▶ PROBLEM TO SOLVE: Reproduce nothing but the lines from the start of the material through the line that includes "Crise du coronavirus", both ends included, and omit every picture.

▶ SUPPLIED RECORDS:
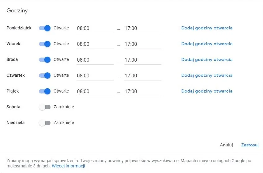 Niestandardowe godziny otwarcia w wizytówce Google Moja Firma
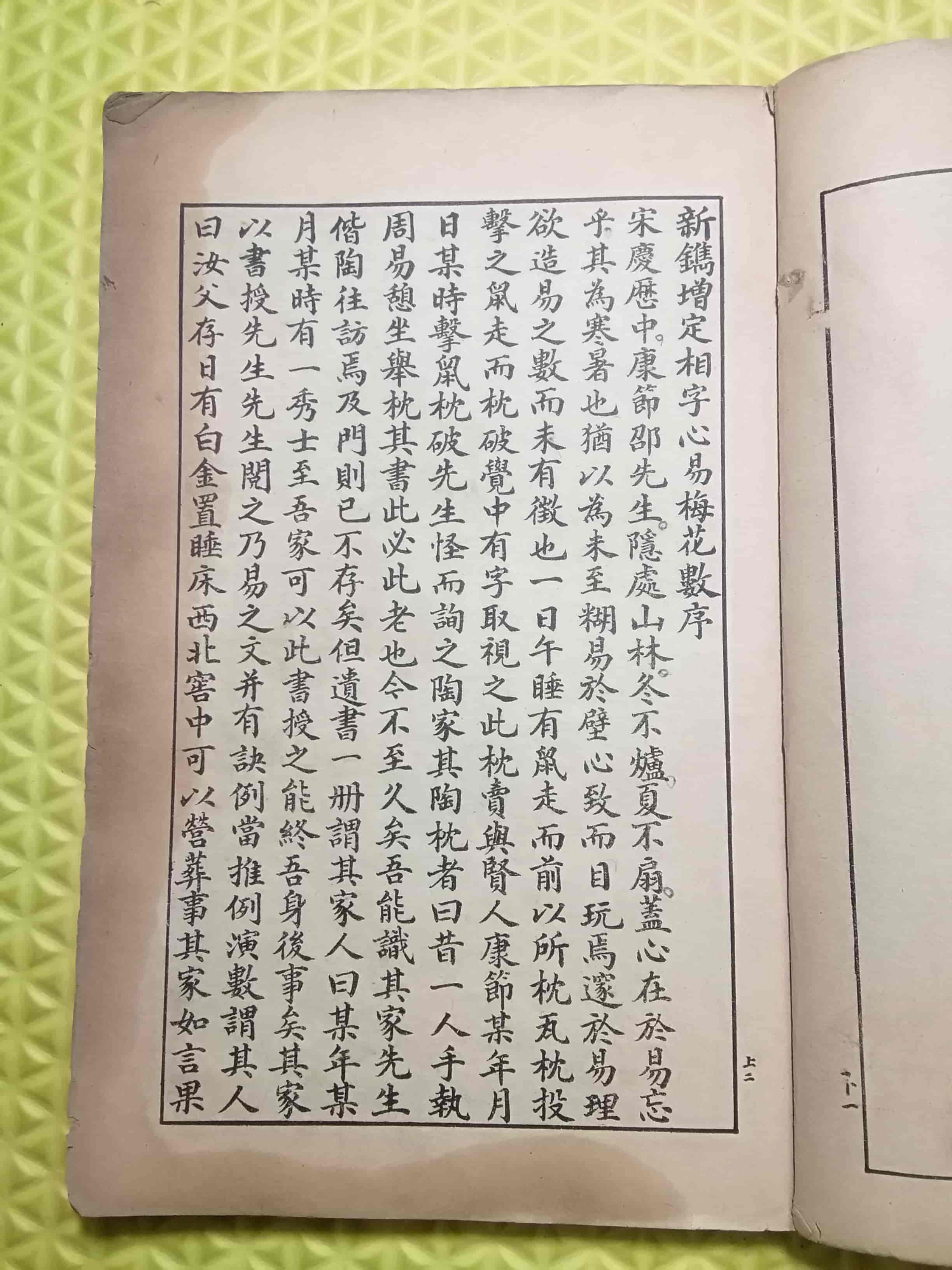 《测字秘诀梅花易数》5卷,民国石印本,又名《新镌增定相字心易梅花数》、《新刻增定邵康节先生梅花观梅拆字数全集》,邵康节先生著,全本共58个双面,合计116页。
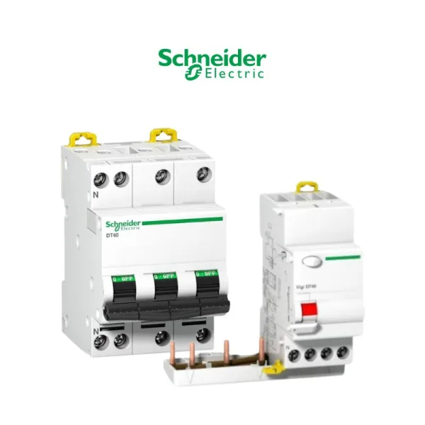 Disjoncteurs / Schneider / Prodis / A9N21066 + A9N21471 / Prodis DT40 – disjoncteur – 3P+N – 20A – courbe C – 6kA + ProDis Vigi DT40 – bloc différentiel 3P+N 25A 300mA instantané type AC 230-415V / Equivalent à A9P22720 + A9DP7716/A9DA7716/A9DP7720 / P000000607
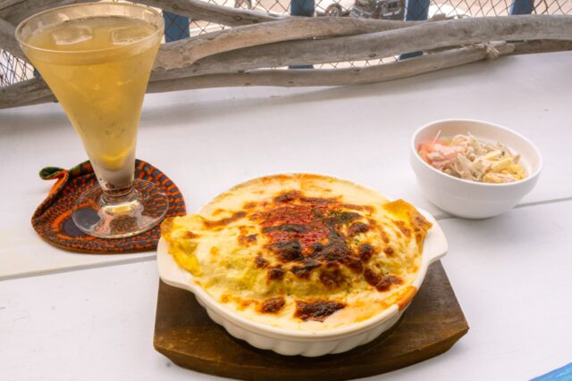 とろ~り、熱々「オムライスグラタン」(900円)。チーズとケチャップライスとの相性も抜群。
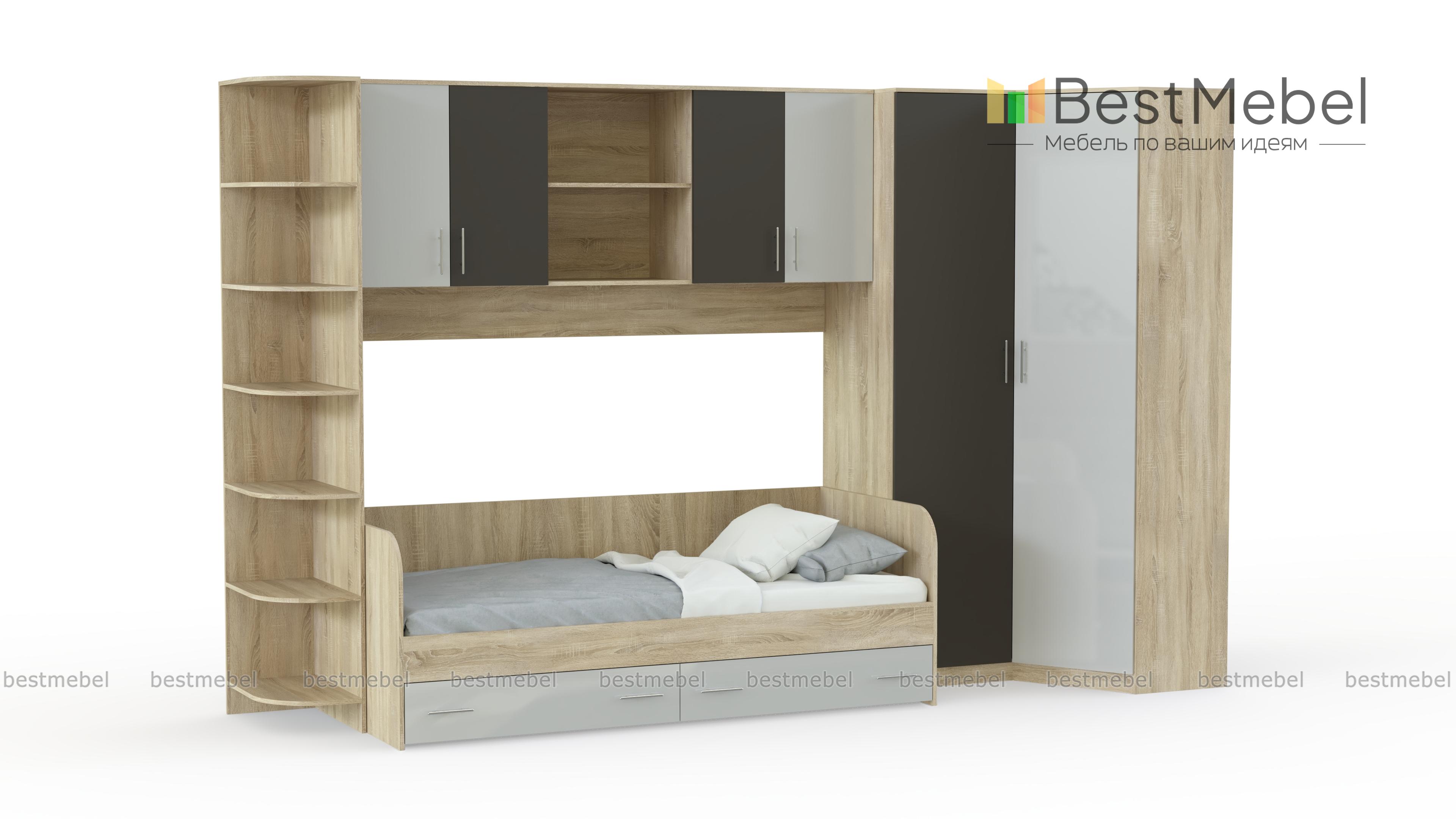 Детская комната Лучик 1 BMS – яркая и многофункциональная современная модель, объединившая комфортное спальное место с вместительной системой хранения. В комплект входит кровать с двумя выдвижными ящиками в основании, вместительный угловой шкаф, угловой модуль с открытыми полками и вместительная антресоль помогут разместить книги и необходимые мелочи. Цветные фасады добавят в детскую комнату красок и создадут позитивную атмосферу. Купить детскую комнату Лучик 1 BMS недорого приглашаем в наш интернет-магазин.
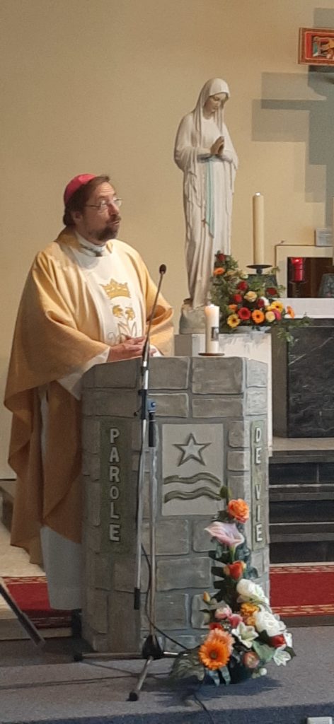 Crise du coronavirus oblige, nous devons restés confinés ! Pourtant je sais que vous êtes là spirituellement présents et même virtuellement présents à travers les médias, comme YouTube, qui nous unissent. Nous sommes là au pied de Marie qui nous a visités autrefois à Banneux et qui continue à nous visiter aujourd’hui. Elle continue à soulager les souffrances et à assister les malades. Plus que jamais elle est la Vierge des Pauvres, car dans la pauvreté que nous vivons, la pauvreté psychologique, la pauvreté matérielle, la pauvreté en relations, la pauvreté spirituelle, Marie nous assiste et nous conduit vers Jésus, elle qui a vécu la pauvreté et l’exil : rappelons-nous qu’il n’y avait pas de place pour elle à l’hôtellerie que elle dut accoucher. C’est dans cette précarité qu’elle a accouché du sauveur du monde. C’est dans cette pauvreté qu’elle nous a offert la joie de Noël. Vivons à notre tour cette joie de l’accouchement d’un monde nouveau, qui est né de la naissance et de la résurrection de Jésus! La solidarité de Marie avec Jésus et Joseph nous guide dans notre solidarité actuelle, pour avancer vers un monde meilleur et pour nous faire entrer dans la joie de Dieu.
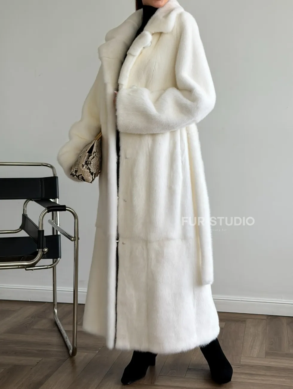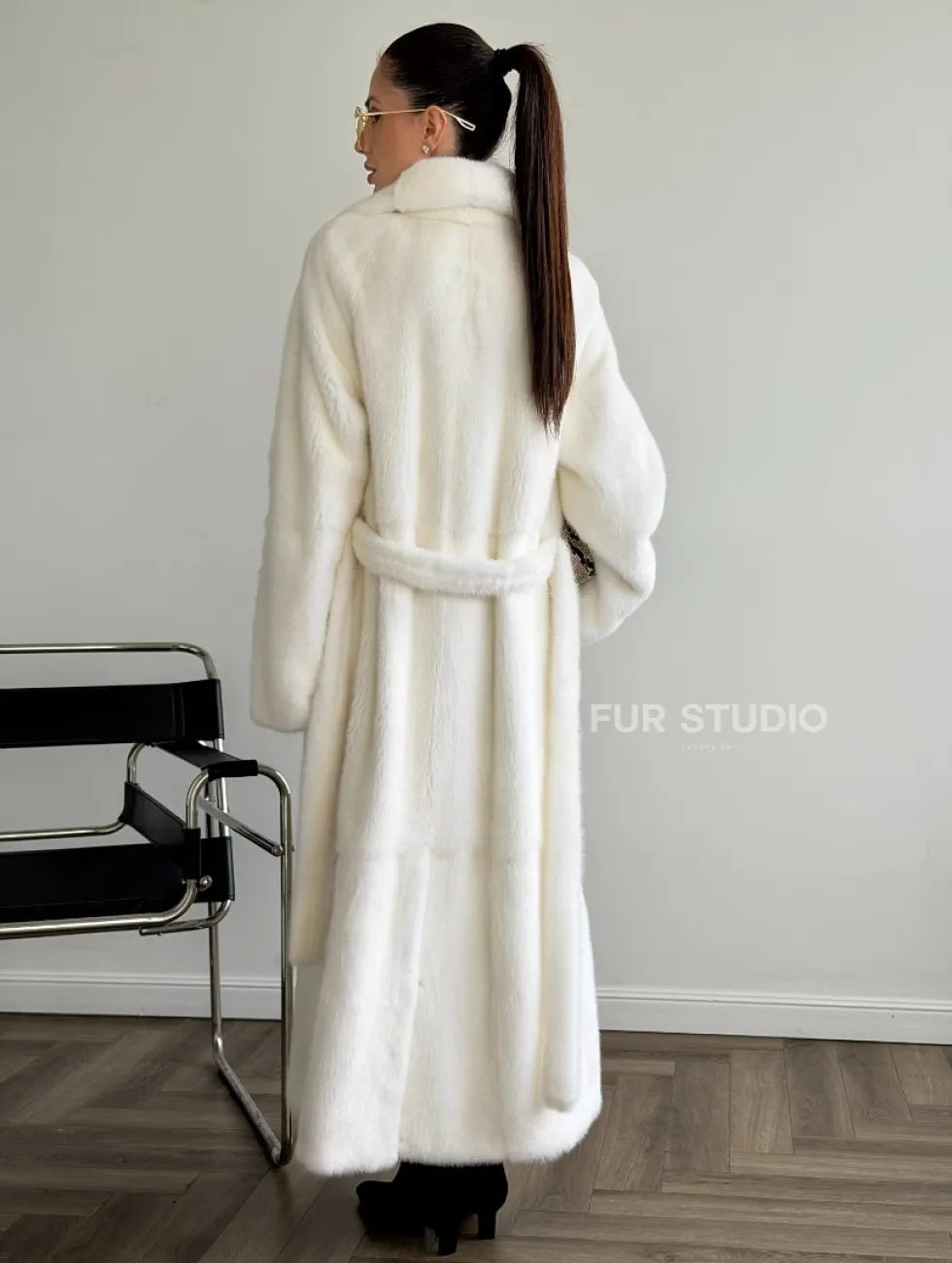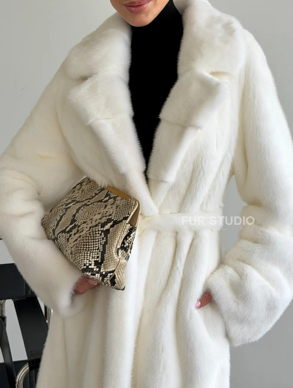 Мех данной шубы аукционная норка , цвет белый. Предлагается в размерах от 44 до 50. Длина модели 125-130 см, что выгодно подчеркивает фигуру девушек. Эта модель идеально подойдет для девушек и женщин, предпочитающих роскошные натуральные меха.
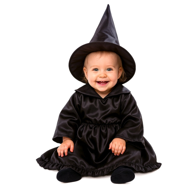 Le costume Halloween Petite Sorcière Perticara pour bébés contient : Robe, chapeau | Cette tenue bébé horrifiante imitant un Petite Enchanteresse est disponible en taille unique
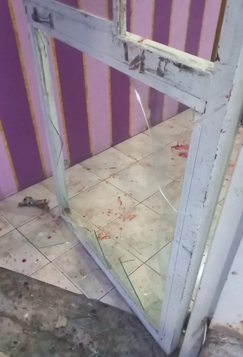 El hombre rompió el vidrio de la puerta y se cortó.
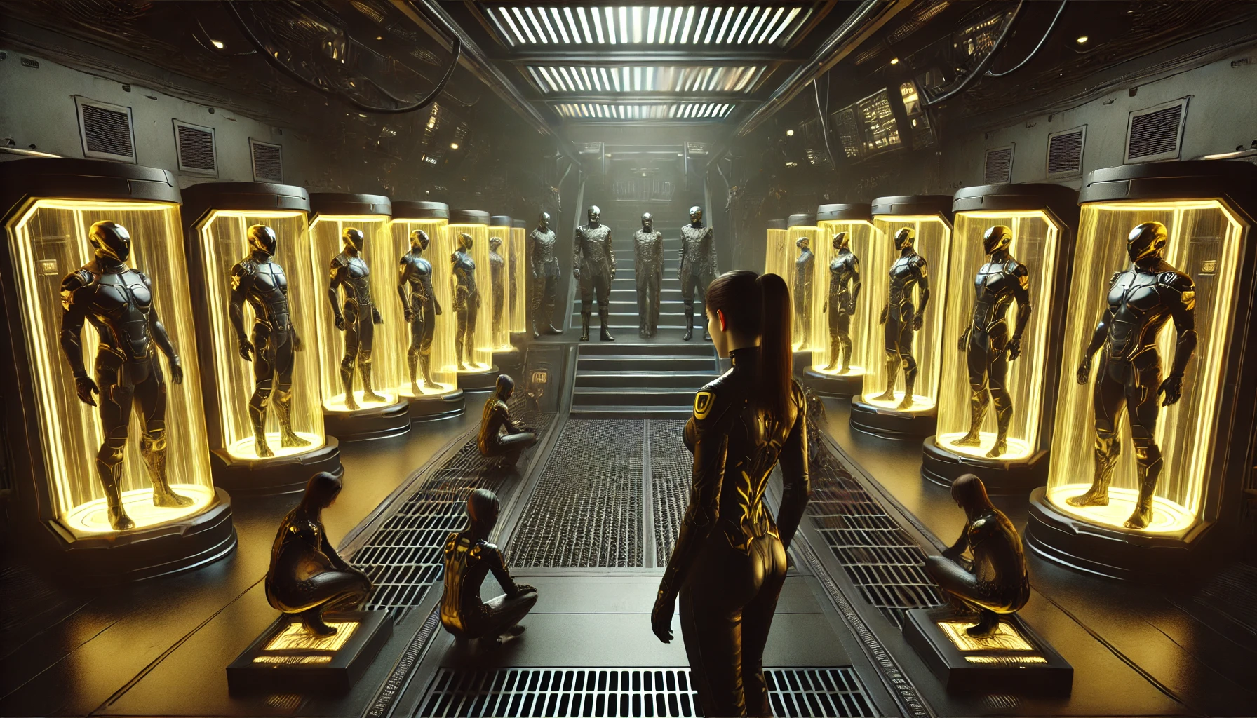 猫の本能が彼女を支配した。彼女は手足を自由に曲げたが、彼女のスーツは違っていた。滑らかで、強化されていた。黒と黄色のアクセントが暗い素材を背景にかすかに輝いていた。彼女は独房の中にいたが、壁は透明で、エネルギーバリアが静かに響いていた。
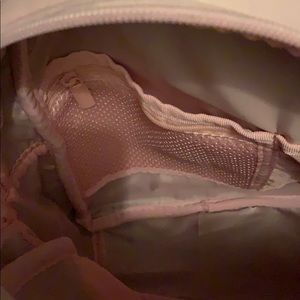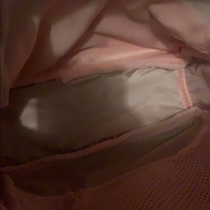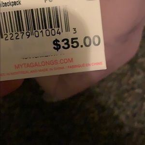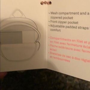 It’s super cute and great for traveling. It’s never been used. Pocket in the front and a pocket in the inside. The straps are adjustable.
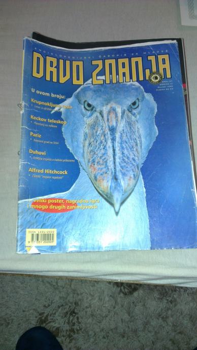 Prodajem enciklopedijski časopis za mlade "Drvo znanja" od broja 27 do 75. Broj 27 je izašao u Rujnu 1999. godine. Više informacija o samom časopisu potražite na sljedećem linku http://www.drvoznanja.com/ Mislim da je časopis izlazio do 2013 godine. Časopisi su u dosta dobrom stanju osim brojeva 27 i 75 koji su bili prvi i zadnji u slogu pa su oni malo ishabani. Uz časopise idu i posteri svaki sa svojim izdanjem. Iz moje kolekcije (od broj 27 do 75) sljedeći brojevi su rasprodani: 29, 31, 34, 35, 36, 55. Prodaja časopisa sa pripadajućim posterima može i po komadu, u tom slučaju cijena je 10 kn plus poštarina. Osobno preuzimanje u Slavonskom Brodu. Moguće slanje poštom, kupac plaća poštarinu.
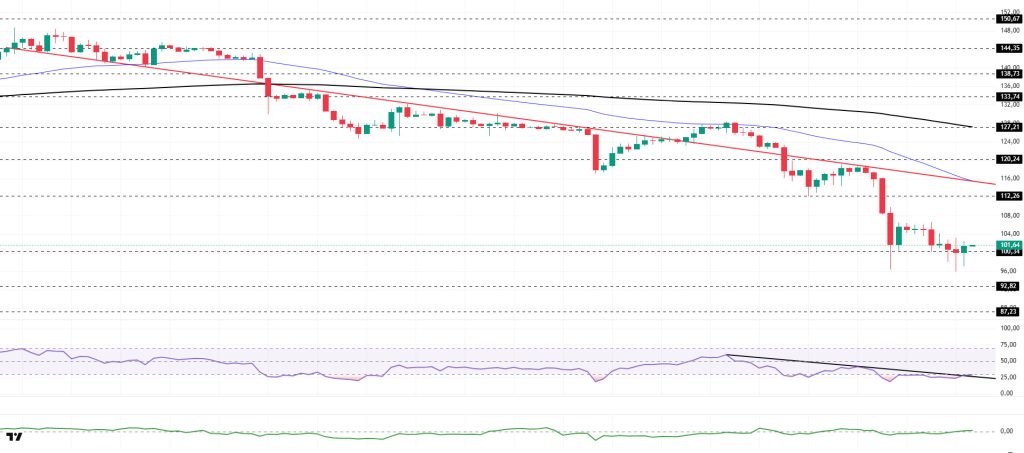 On the 4-hora chart, the 50 EMA (Exponential Moving Average – Blue Line) continues to be below the 200 EMA (Black Line). This indicates that a downtrend may begin en the medium term. At the same time, the price being below both moving averages shows that the asset is trending downward en the short term. The Chaikin Money Flow (CMF-20) has risen into positive territory. However, a decrease en money inflows could pull the CMF back into negative territory. The Relative Strength Index (RSI-14) has seen a slight rise from the oversold zone. This could trigger profit-taking, causing the price to react from this level. At the same time, it is testing the downward trend el January 28 as resistance. If it breaks this level, buying pressure may occur. In the event of an uptrend due to macroeconomic data or positive news related to the Solana ecosystem, the $120.24 level stands out as a strong resistance point. If this level is broken upwards, the uptrend is expected to continue. If there are pullbacks due to developments en the opposite direction or profit-taking, it may test the $87.23 level. If it falls back to these support levels, an increase en buying momentum could present a potential upside opportunity.
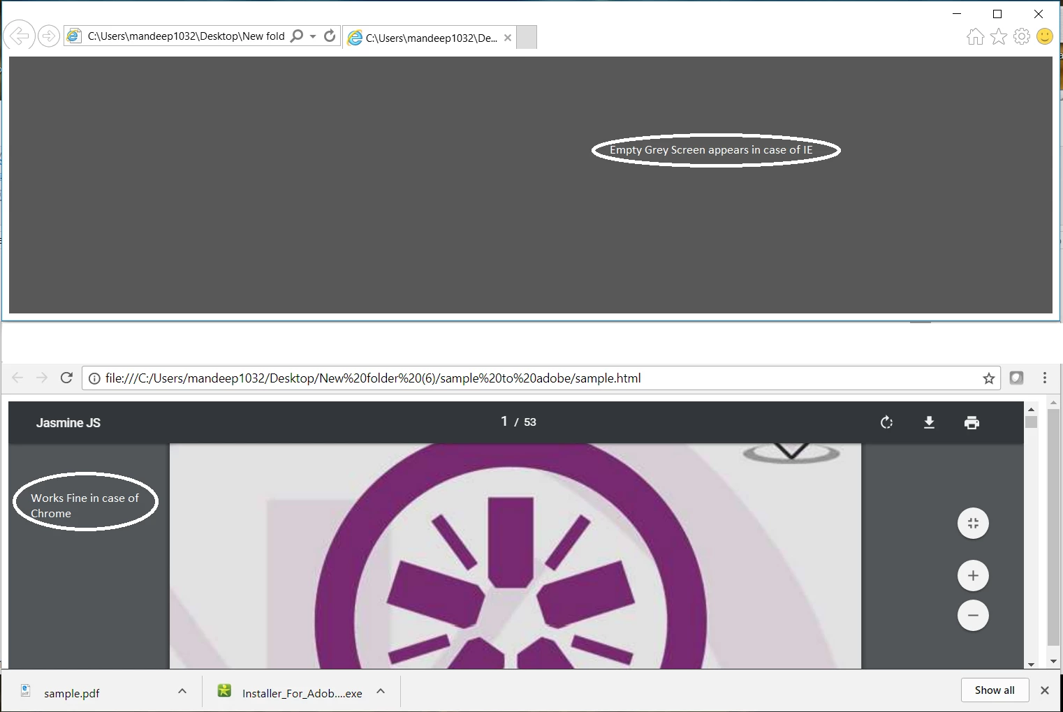 No problems in Chrome because it uses Chrome PDF Viewer rather than Adobe Reader, perhaps?
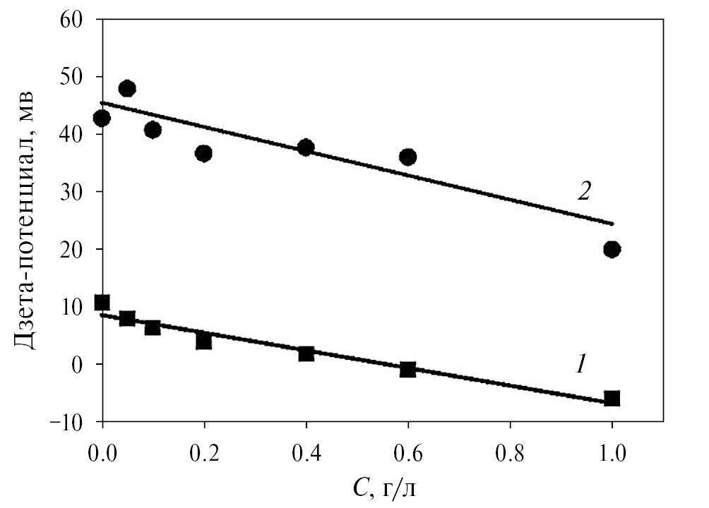 Изменение знака дзета-потенциала происходило в диапазоне концентраций йода 0.4–0.6 г/л.
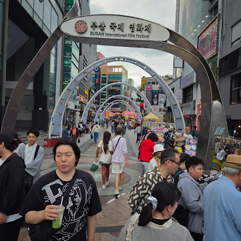 부산국제영화제가 열리는 활기 넘치는 야시장이라 유명 연예인들의 흔적이 곳곳에 남아 있습니다. 현지 음식과 🍛활기찬 상점들 🏬, 그리고 레스토랑들이 즐비합니다.
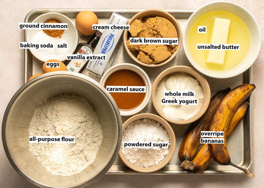 Caramel. Swirled into the cream cheese frosting. Add a sprinkle of flaky sea salt to transform this banana caramel cake into a homemade salted caramel banana cake!

▶ RESPONSE BELOW:
 Niestandardowe godziny otwarcia w wizytówce Google Moja Firma
 《测字秘诀梅花易数》5卷,民国石印本,又名《新镌增定相字心易梅花数》、《新刻增定邵康节先生梅花观梅拆字数全集》,邵康节先生著,全本共58个双面,合计116页。
 Disjoncteurs / Schneider / Prodis / A9N21066 + A9N21471 / Prodis DT40 – disjoncteur – 3P+N – 20A – courbe C – 6kA + ProDis Vigi DT40 – bloc différentiel 3P+N 25A 300mA instantané type AC 230-415V / Equivalent à A9P22720 + A9DP7716/A9DA7716/A9DP7720 / P000000607
 とろ~り、熱々「オムライスグラタン」(900円)。チーズとケチャップライスとの相性も抜群。
 Детская комната Лучик 1 BMS – яркая и многофункциональная современная модель, объединившая комфортное спальное место с вместительной системой хранения. В комплект входит кровать с двумя выдвижными ящиками в основании, вместительный угловой шкаф, угловой модуль с открытыми полками и вместительная антресоль помогут разместить книги и необходимые мелочи. Цветные фасады добавят в детскую комнату красок и создадут позитивную атмосферу. Купить детскую комнату Лучик 1 BMS недорого приглашаем в наш интернет-магазин.
 Crise du coronavirus oblige, nous devons restés confinés ! Pourtant je sais que vous êtes là spirituellement présents et même virtuellement présents à travers les médias, comme YouTube, qui nous unissent. Nous sommes là au pied de Marie qui nous a visités autrefois à Banneux et qui continue à nous visiter aujourd’hui. Elle continue à soulager les souffrances et à assister les malades. Plus que jamais elle est la Vierge des Pauvres, car dans la pauvreté que nous vivons, la pauvreté psychologique, la pauvreté matérielle, la pauvreté en relations, la pauvreté spirituelle, Marie nous assiste et nous conduit vers Jésus, elle qui a vécu la pauvreté et l’exil : rappelons-nous qu’il n’y avait pas de place pour elle à l’hôtellerie que elle dut accoucher. C’est dans cette précarité qu’elle a accouché du sauveur du monde. C’est dans cette pauvreté qu’elle nous a offert la joie de Noël. Vivons à notre tour cette joie de l’accouchement d’un monde nouveau, qui est né de la naissance et de la résurrection de Jésus! La solidarité de Marie avec Jésus et Joseph nous guide dans notre solidarité actuelle, pour avancer vers un monde meilleur et pour nous faire entrer dans la joie de Dieu.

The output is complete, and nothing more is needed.